Accueil | A la Une | Faillites : «Tout le monde a peur dans la construction»

Faillites : «Tout le monde a peur dans la construction»


Environ 660 ouvriers ont perdu leur emploi au 1er trimestre 2024 à cause d’une faillite de leur employeur. (Photo : julien garroy)

Malmenés par les faillites successives et brutales dans le secteur de la construction, les ouvriers et patrons craignent pour leur avenir, sans toutefois baisser les bras.

À quand le bout du tunnel ? Confronté à un nombre record de faillites depuis 2011, le secteur de la construction sort d’un premier trimestre 2024 encore plus déprimant avec 71 faillites.
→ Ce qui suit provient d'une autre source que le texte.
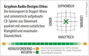 Den magnetischen Puck auf die CD gesetzt, den soliden Deckel abgesenkt und die Starttaste auf der Front gedrückt: So leicht und schnell kann der Weg zu musikalischem Genuss sein. Der dänische Toploader Gryphon Ethos weist mit der edlen Haptik und klaren Benutzerführung auf das hin, was wohl aus den Ausgangsbuchsen kommen wird.
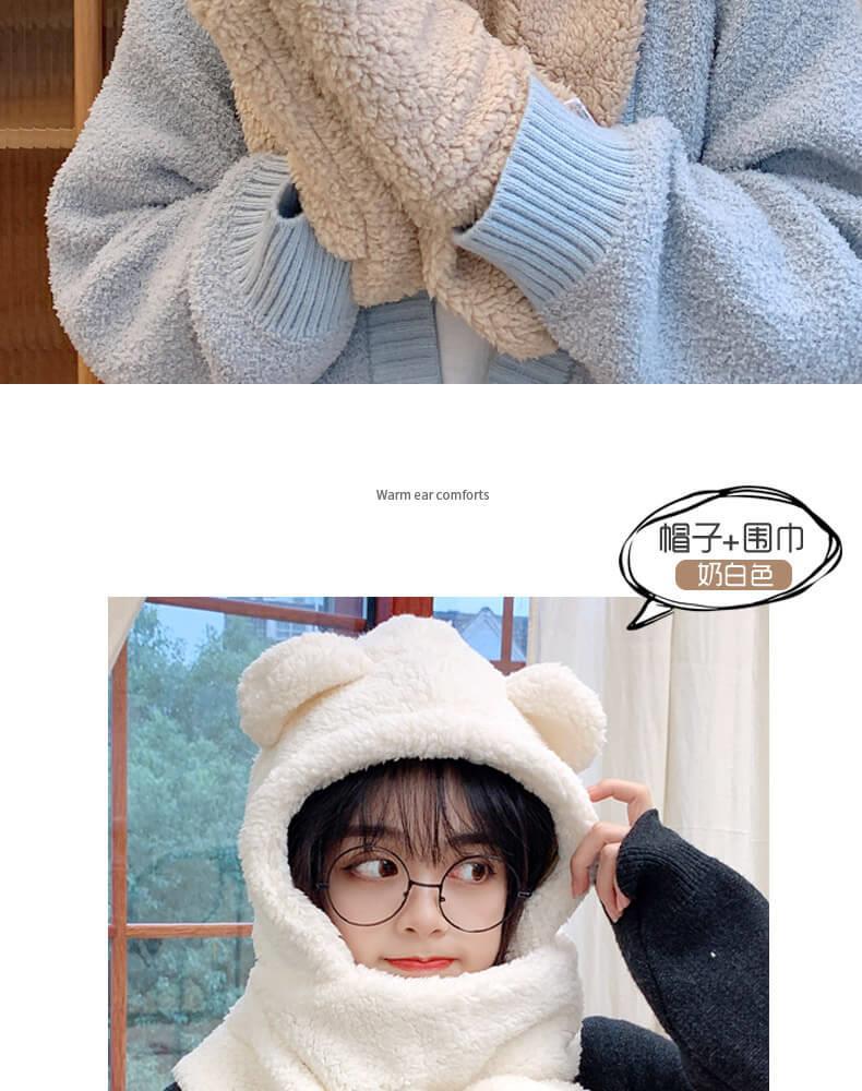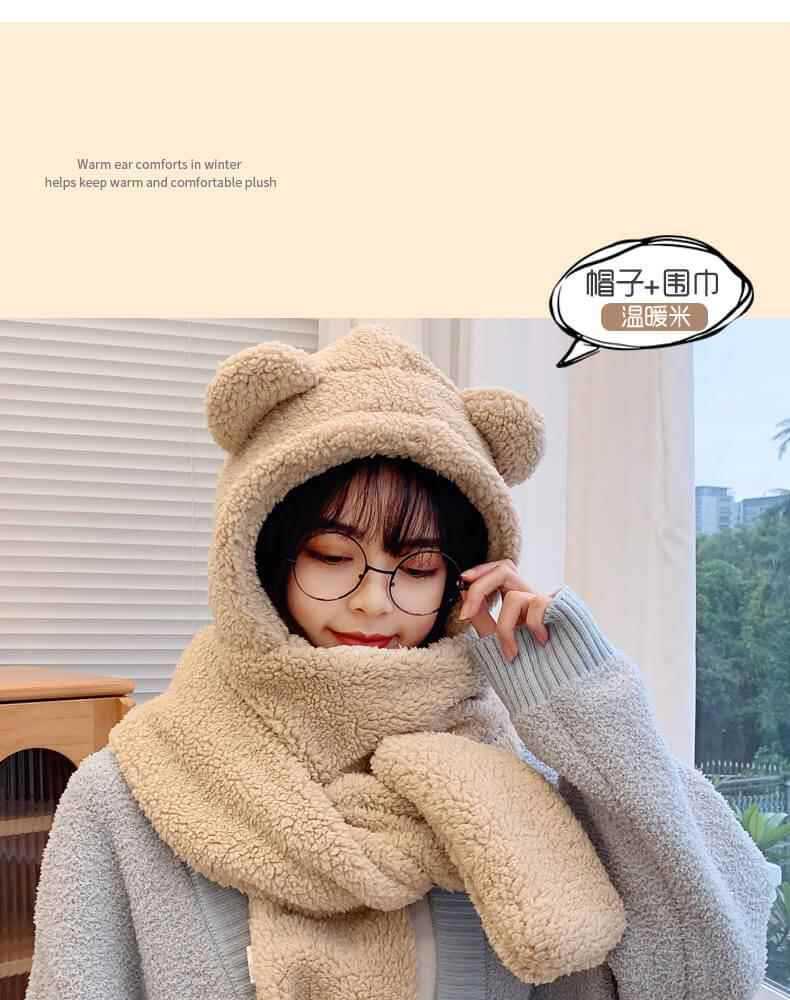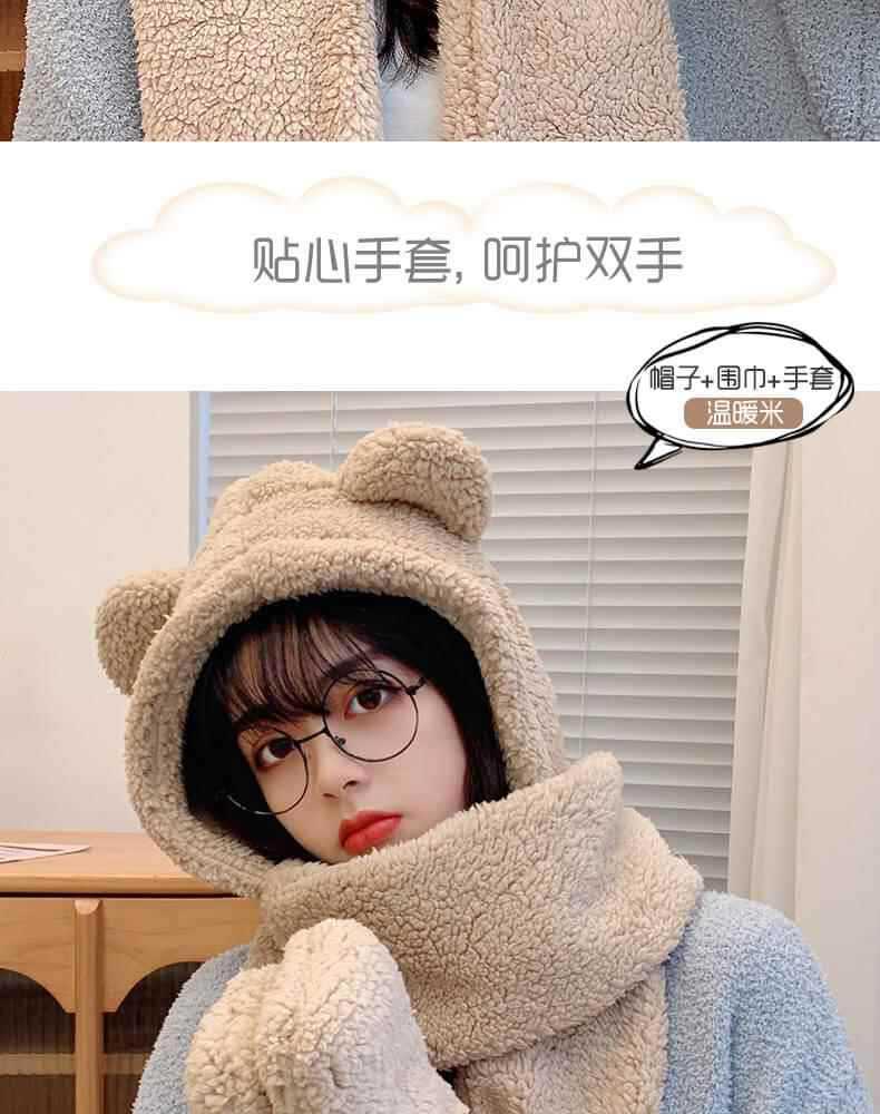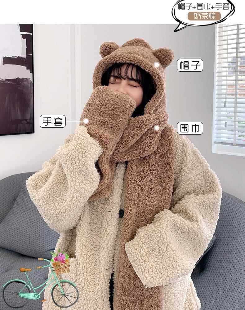 방한모자, 겨울철 사이클링 따뜻한 보조기구, 귀보호대, 곰 스카프, 장갑, 3종세트, 귀여운 스카프 모자

Soit 18 % de plus par rapport au 1ᵉʳ trimestre 2023. Depuis le début de l’année, environ 660 employés ont donc perdu leur emploi et vu leur vie changer, parfois du jour au lendemain.
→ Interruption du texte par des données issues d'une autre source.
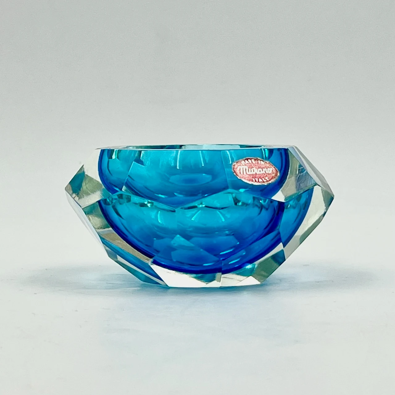 This vintage vase is a true masterpiece of Murano craftsmanship. The polygonal shape adds a geometric elegance, making it a standout piece in any room. The vases blue and transparent color layers are meticulously crafted using the Sommerso technique, a hallmark of Muranos artistry, giving it a mesmerizing depth and vibrancy. The blue core, encased in clear glass, creates a stunning visual effect that captures and refracts light beautifully.
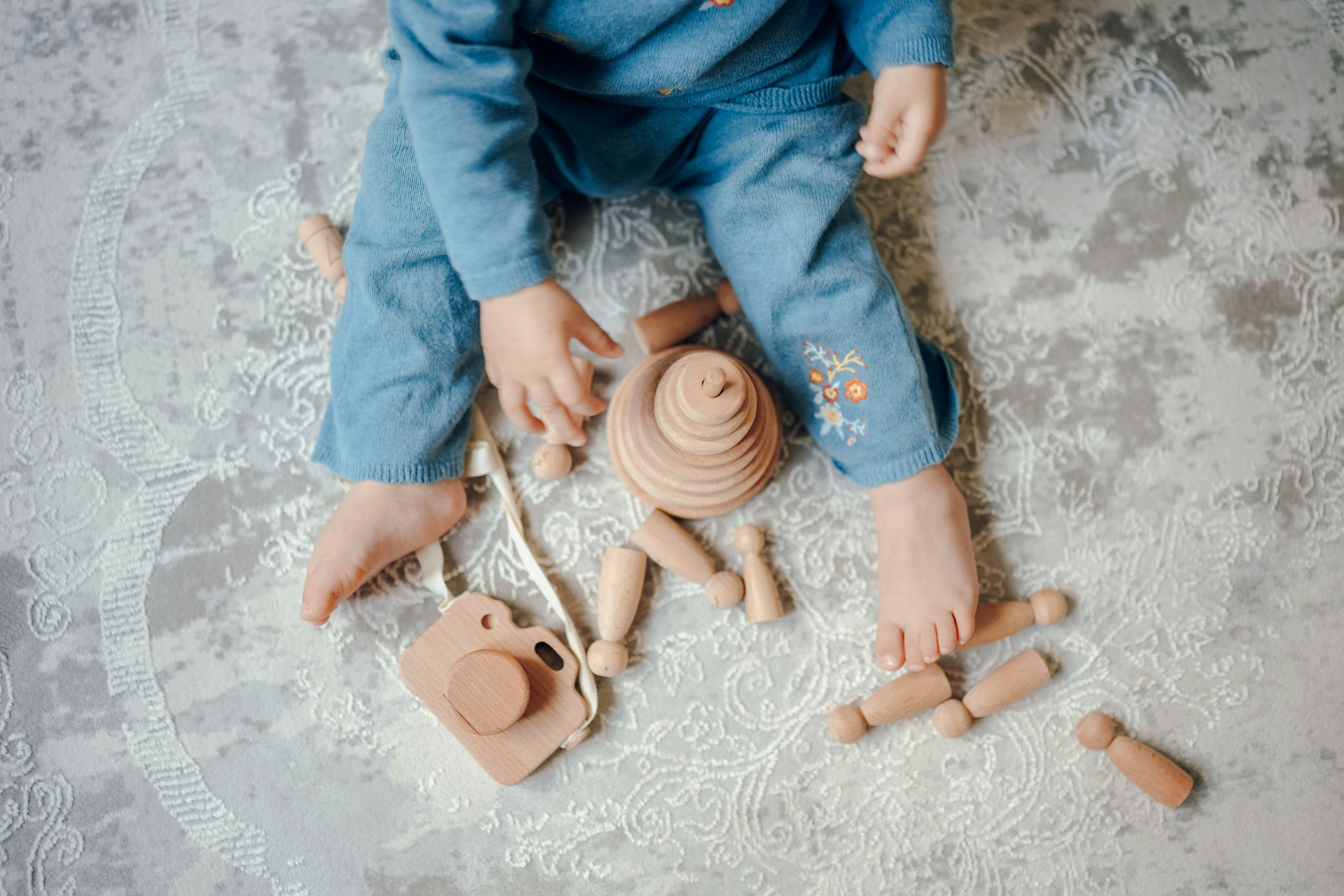 - Knappespil og snørebåndsbrætter – legetøj, der efterligner dagligdags færdigheder, hjælper barnet med at mestre praktiske opgaver.
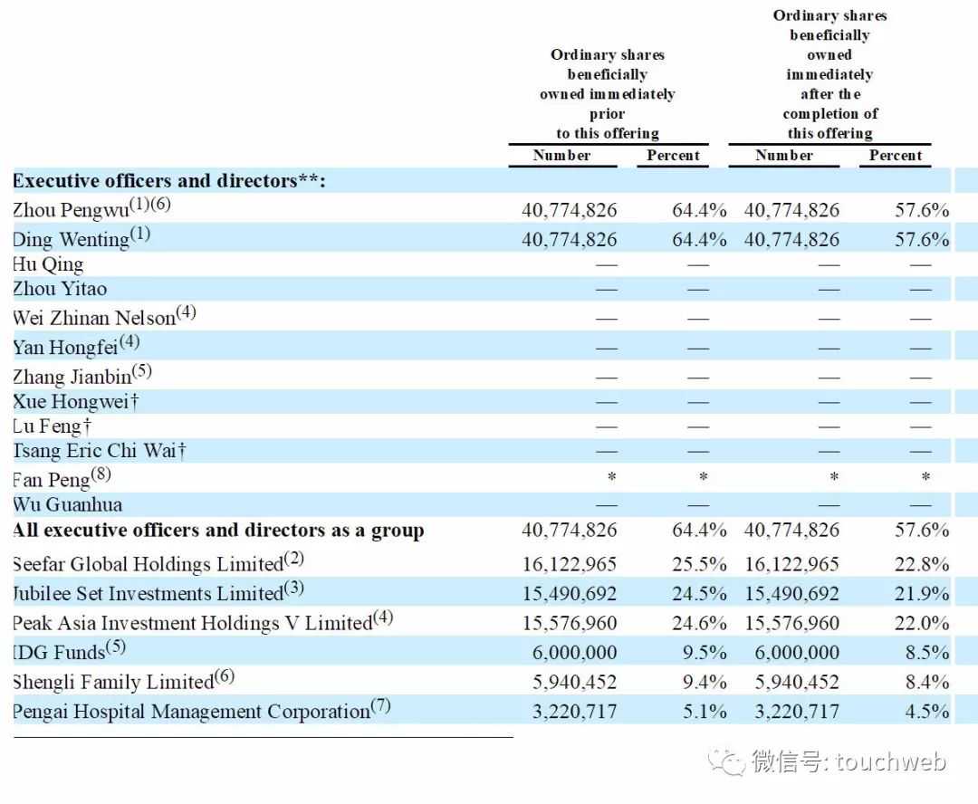IPO前,整形美容医生周鹏武持股为64.4%,IDG持股9.5%;IPO后,周鹏武持股为57.6%,IDG持股为8.5%。
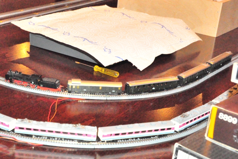 Caro und meine Modelleisenbahn haben den Sturz gut überstanden (Caro ist mit dem Fuß auf der Treppe umgeknickt). Vielen Dank für alle Nachfragen.
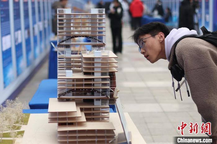 展出的木结构模型“廊桥新生”吸引学生目光。中新网记者 泱波 摄
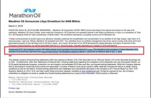 والجدير بالذكر أنه في نهاية العام 2017 ، قامت الشركة بنقل 199 مليون برميل من النفط المكافئ للاحتياطيات المؤكدة في ليبيا، ويعادل هذا سعر البيع إلى 9 مرات حسب تقدير شركة ماراثون أويل لتدفقها النقدي الحر لعام 2018 من ليبيا بأسعار مميتة. تم إغلاق التجسيم في 1 مارس 2018 مع تاريخ نفاذ في 1 يناير 2018.
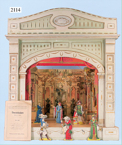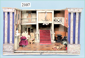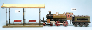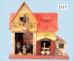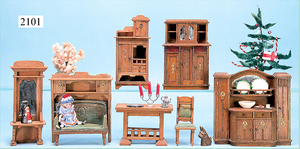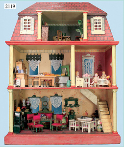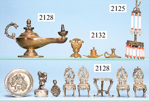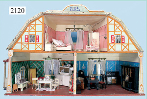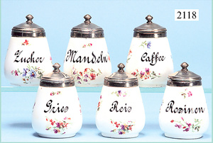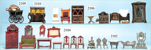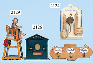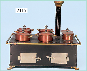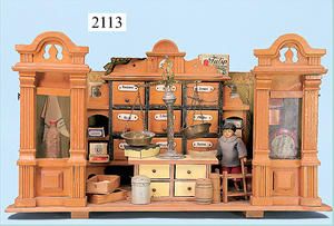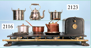 Rauchfangküche, ca. 1850, 76 cm, breit, 45 cm hoch, 43,5 cm tief, fest eingebaute Regale, eingebauter Schrank, Feuerstelle, mit Eckrauchfang, alte Bemalung, Handbemalung, innen und außen später, reichhaltig Zubehör, 15 Teile Kupfer gehämmert, Töpfe, Pfannen, Sieb, Backform, 12 Backformen, darunter Fischform, Hummerform, 16 Zinnkrügen, Zinn-Essensträger, 2-lagig, 15 gedrehte Zinnteller, aufwendig gearbeiteter Weißblech-Leuchter, dazu Messing-, Holz- u. Weißblechteile, museal

«On ne s’y attendait pas. Tout marchait bien jusqu’à Noël et d’un coup, on reçoit la nouvelle qu’il (NDLR : le patron) n’arrive pas à payer le mois de janvier», se rappelle un employé de la société Carvalho Constructions Générales, officiellement en faillite depuis le 5 mars dernier.

«Après, il nous a donné un acompte, puis nous disait tout le temps qu’il était en train de tenter quelque chose, de vendre, mais cela n’a pas suffi. Et le mois de février, on ne l’a pas reçu et la prime de fin d’année non plus.»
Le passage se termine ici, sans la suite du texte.